Today we’d like to introduce you to Erika Lewis.

Hi Erika, so excited to have you on the platform. So before we get into questions about your work-life, maybe you can bring our readers up to speed on your story and how you got to where you are today?
It’s funny. I never thought I would ever have a career in writing. Reading wasn’t easy for me when I was young. I could read but words flipped places in sentences, I got very tired rereading, and then, most times, gave up. In high school, I forced myself to figure this out. Reading and reading. Making the muscles in my eyes stronger. I should’ve asked for help long before but it was embarrassing. My mother would always say, “She’s so in good in math and science.” And I was.
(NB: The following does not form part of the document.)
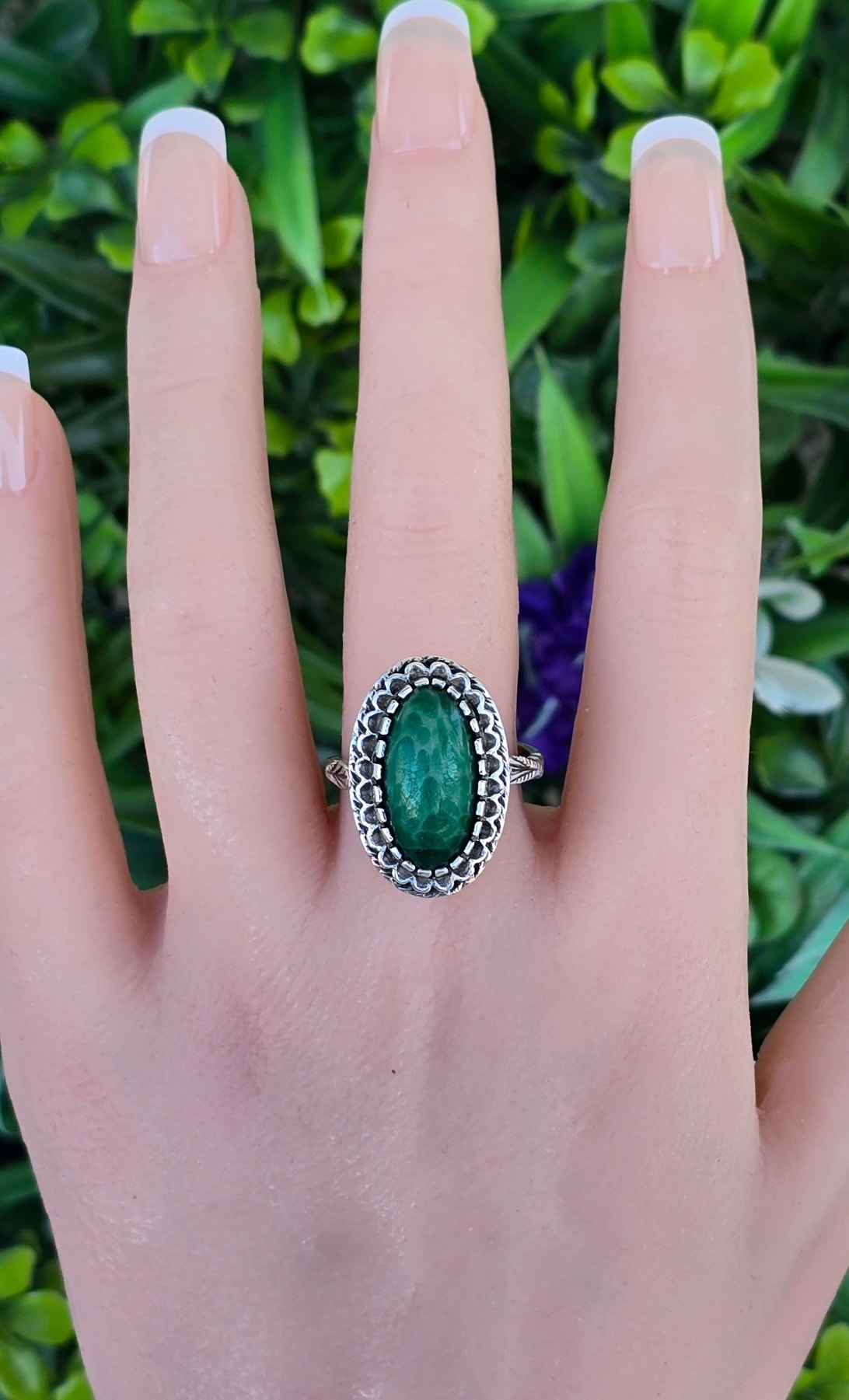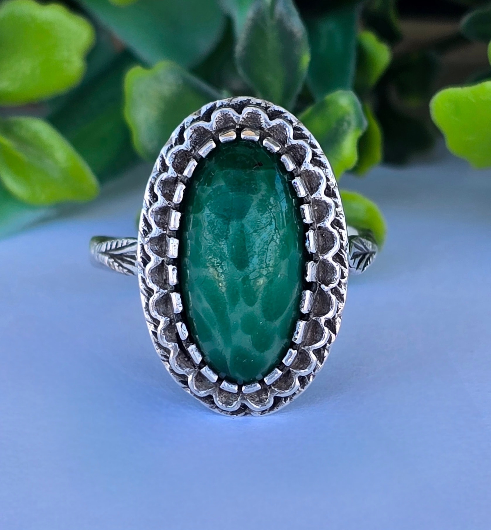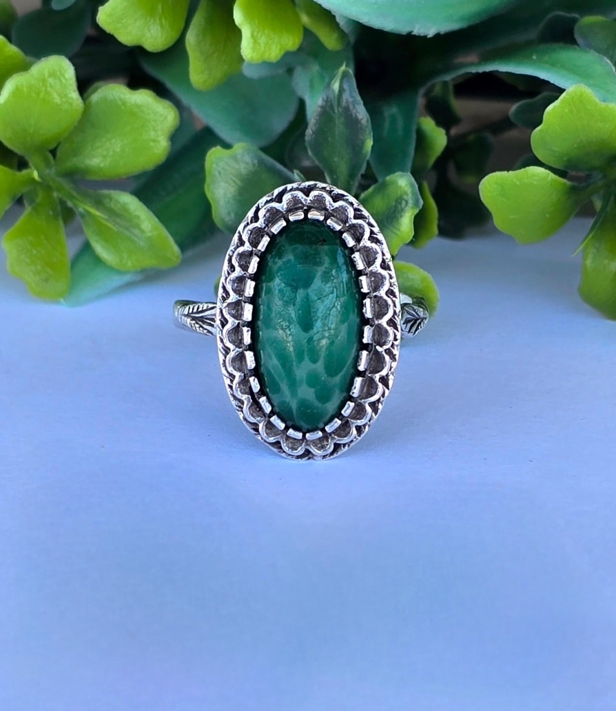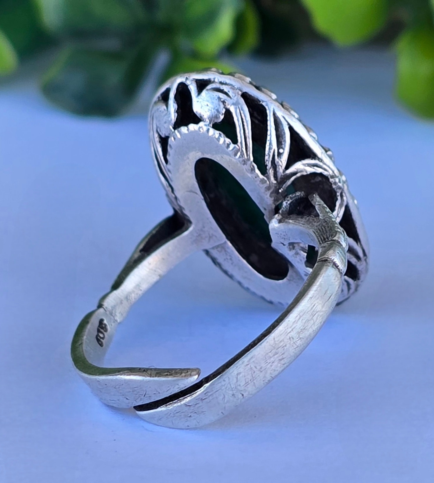 Inel vechi din argint, cu serpentinit natural.
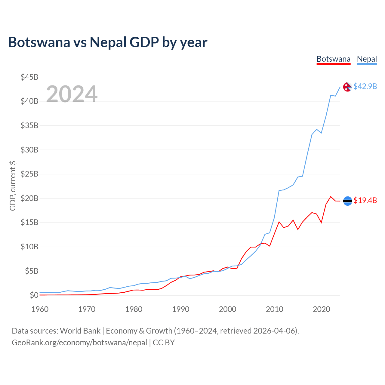 Botswana vs Nepal GDP by year

I studied Math at Vanderbilt University. I loved theoretical math classes. Topology of Surfaces comes to mind. Topology is geometry rendered flexible. Bendable math. All proofs. So much fun. Yes, I’m weird that way. But I loved television, and by college, I was an avid reader, so what came next? An unpaid internship at CNN.

I worked on Larry King Live and Crossfire as an intern and realized that my love for television did not include the cutthroat reality of working in news. But it was there that a producer at Headline News told me that I was a good writer, and that little bit of encouragement stuck with me.

I moved to Los Angeles and worked for fifteen years in television as a development and current executive. What is that, you ask? My mother never understood what I did either. Talented writers and producers would pitch shows to the studio or network I was working for and I, along with a team, would decide if they were the right fit for us. And then, most times, I also managed production, giving creative feedback as well as managing the money (see…I used the math part of my brain too.)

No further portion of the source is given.